“Most borrowers have now used their entire loan”, the National Federation of Independent Business said this week, documenting the results from the latest in a series of small business polls conducted in the months since COVID-19 plunged the US economy into the worst downturn in at least a century.
71% of small businesses have now exhausted funds received through the Paycheck Protection Program, the NFIB survey found. “The 29% still using their loan are likely not far behind”, the accompanying color reads.
The results underscore the on-the-ground reality behind a handful of headline economic indicators which suggest the economy found its footing in May and June.
While retail sales have recovered thanks to government assistance for the unemployed, and although the mood among factory and services sector businesses has improved, for many small firms, the existential crisis that began in March will soon dead end in permanent closures.

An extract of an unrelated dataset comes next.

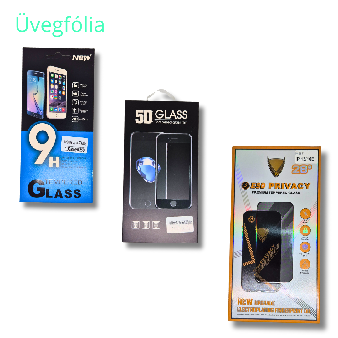 Teli kijelzős üvegfóliát, mely fekete kerettel van ellátva, így teljesen lefedi a kijelzőt.
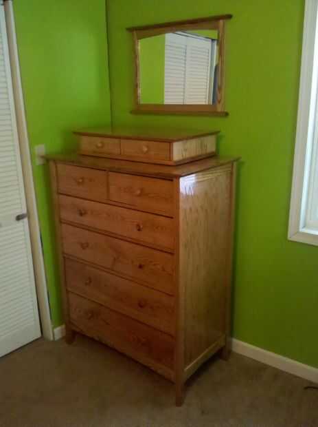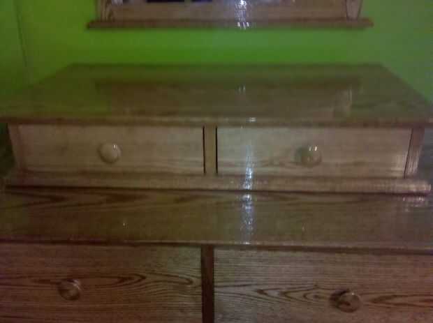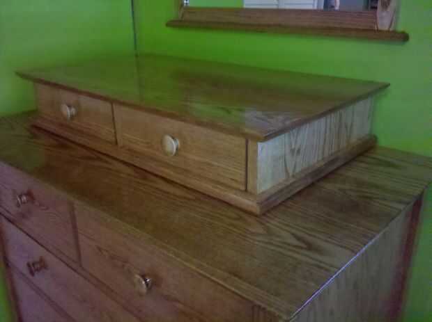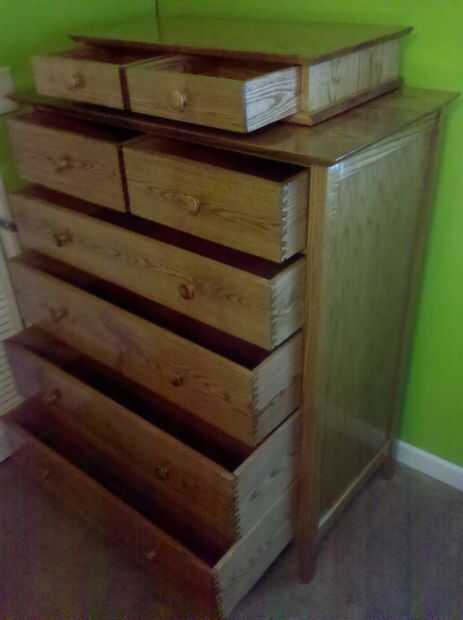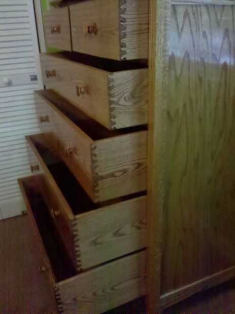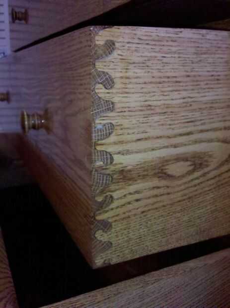 Aquí he añadido algunas fotos de mi aparador, mesita de noche, valet y espejo que hice. Cambié las juntas de cajón para colas de Milano ondulados usando una plantilla para hacerlos.

The latest data from Yelp shows 60% of restaurants closed since March 1 are now permanently shuttered. Similarly, the percentage of shopping and retail businesses classified as permanently closed rose to 48% in July from 35% in June.

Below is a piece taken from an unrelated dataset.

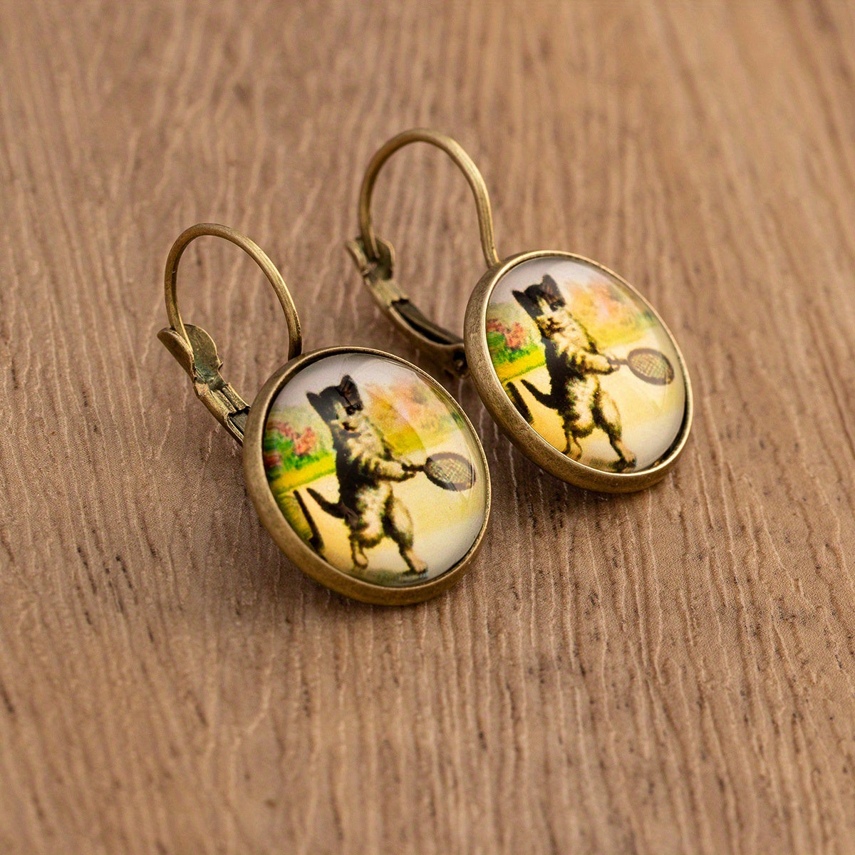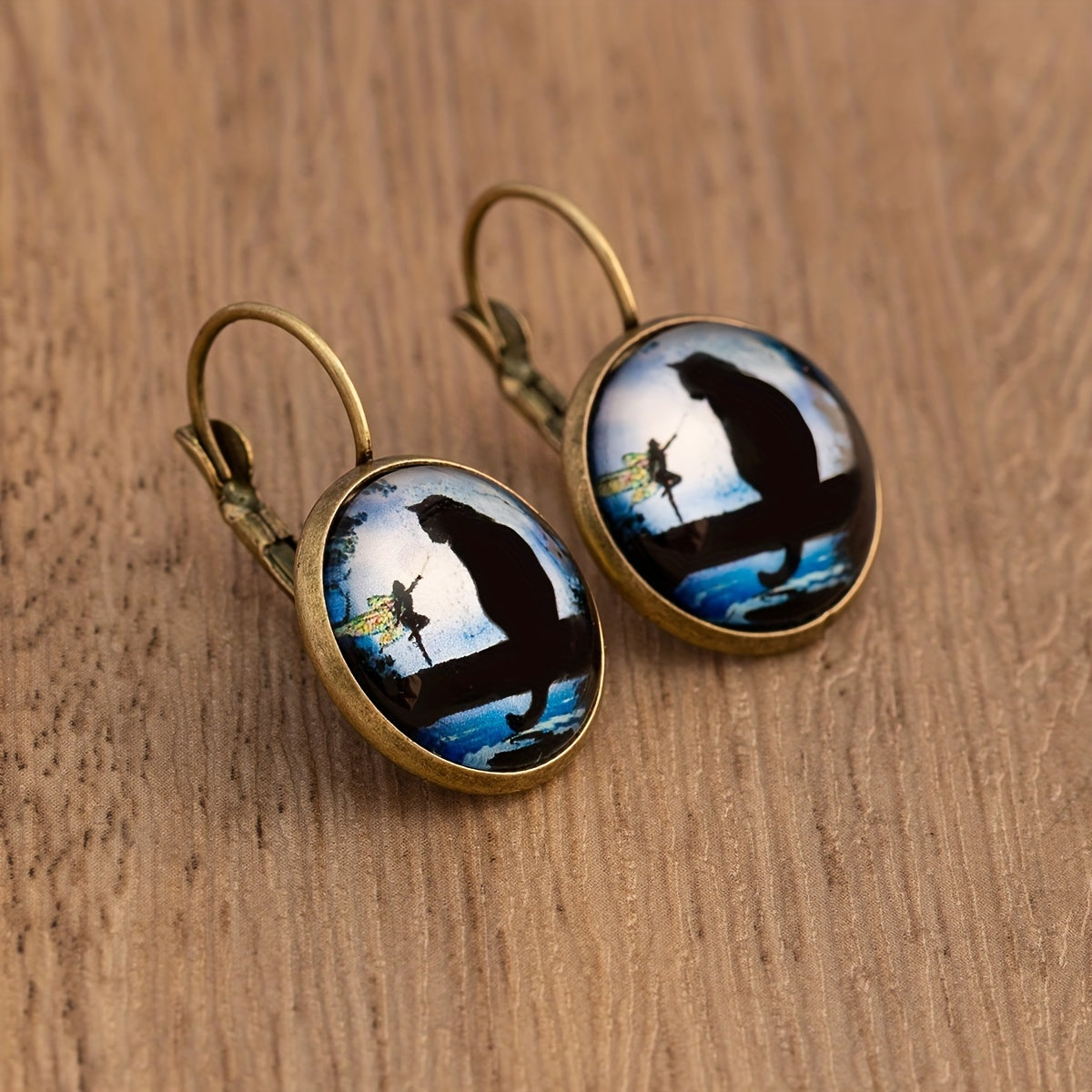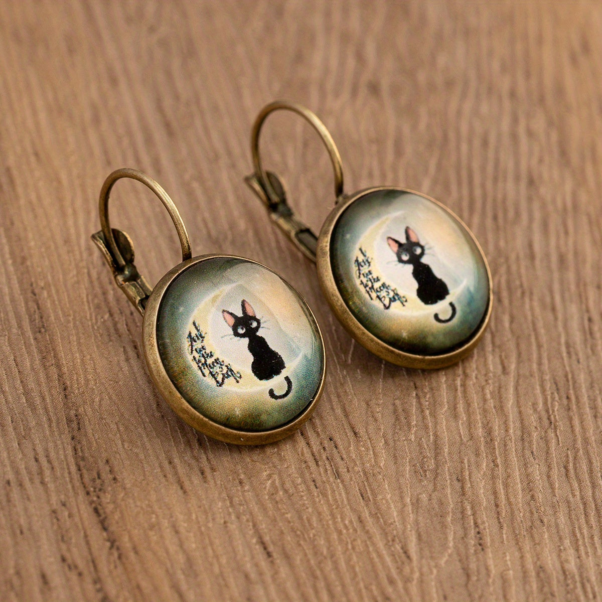These cat print round dangle earrings are a perfect gift for women and girls. They are ideal for daily casual wear, adding a touch of retro charm to any outfit.

In fact, permanent closures (as a percentage) rose across all business types this month.
These businesses may be small, but taken together, this is no small matter. As the Fed noted last year, small employer firms (those with between 1 and 499 employees) account for 47.5% of the country’s private-sector workforce.
Many of those workers are at risk, as their employers teeter on the brink of financial oblivion.
Make no mistake, this isn’t just a matter of providing enough in the way of grants and other assistance. As the NFIB makes clear in the study cited above, “economic conditions have not yet returned to levels that can support business activity for many PPP loan borrowers who have exhausted their loan funds”.
In other words, while parts of the economy are improving, it’s not enough to keep the doors open for many of the businesses which availed themselves of PPP loans. This is consistent with all manner of anecdotal accounts, especially those sourced from states experiencing COVID-19 flare-ups.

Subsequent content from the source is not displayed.